By Rabbi Tzvi Harsh Weinreb

I once loved the word. I first heard it when I was introduced to the thought of German sociologist Max Weber. He differentiated between several types of leaders, one of whom had neither specialized expertise nor royal birth, but whose authority rested on the devotion instilled in his followers by the force of his personality. He termed that force of personality “charisma,” and he wrote eloquently of the power of charisma and of the great danger charismatic leaders posed to society.

Ever since then, I have been fascinated by this quality of charisma and have studied the lives of charismatic leaders. In the Bible, Abraham and King David clearly had charisma; Isaac and King Saul, much less so. Closer to our day, both Churchill and Hitler had it, proving that it can equally be used for good and for evil. Harry Truman and Hubert Humphrey, two politicians I admired back in high school, did not have it. And Jack Kennedy had it in spades!

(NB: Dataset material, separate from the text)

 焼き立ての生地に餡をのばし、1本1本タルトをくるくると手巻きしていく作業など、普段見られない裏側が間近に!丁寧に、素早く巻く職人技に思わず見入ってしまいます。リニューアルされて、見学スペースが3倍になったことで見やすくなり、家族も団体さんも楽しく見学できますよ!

What is charisma? Dictionary definitions include “a rare personal quality attributed to leaders who arouse popular devotion,” or more simply, “personal magnetism or charm.” The word also has a religious connotation, because it stems from the Greek word kharisma (divine favor), so that in Christianity, it specifically refers to the “ability to perform miracles, granted by the Holy Spirit.”

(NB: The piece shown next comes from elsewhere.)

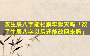 根据传 🐘 统命理学,八,字中的牢狱灾一般是由特定的星曜组合和刑冲克害造成的改生辰八字并不能直接化解牢狱灾。

In this week’s Torah portion, Parshat Naso, we come across a word which, I will argue, can well be translated as “charisma.” That word is chayn, spelled chetnun, and it appears in the second verse of the well-known Priestly Blessing, which reads, “May the Lord make His face shine upon thee, and be gracious to thee.” (Numbers 6:25)

That last phrase, which is the typical translation of vichuneka, is not favored by Rashi. Rather, he renders it, “…and He shall grant you chayn“—the quality of grace, of charm, and as I maintain, of charisma.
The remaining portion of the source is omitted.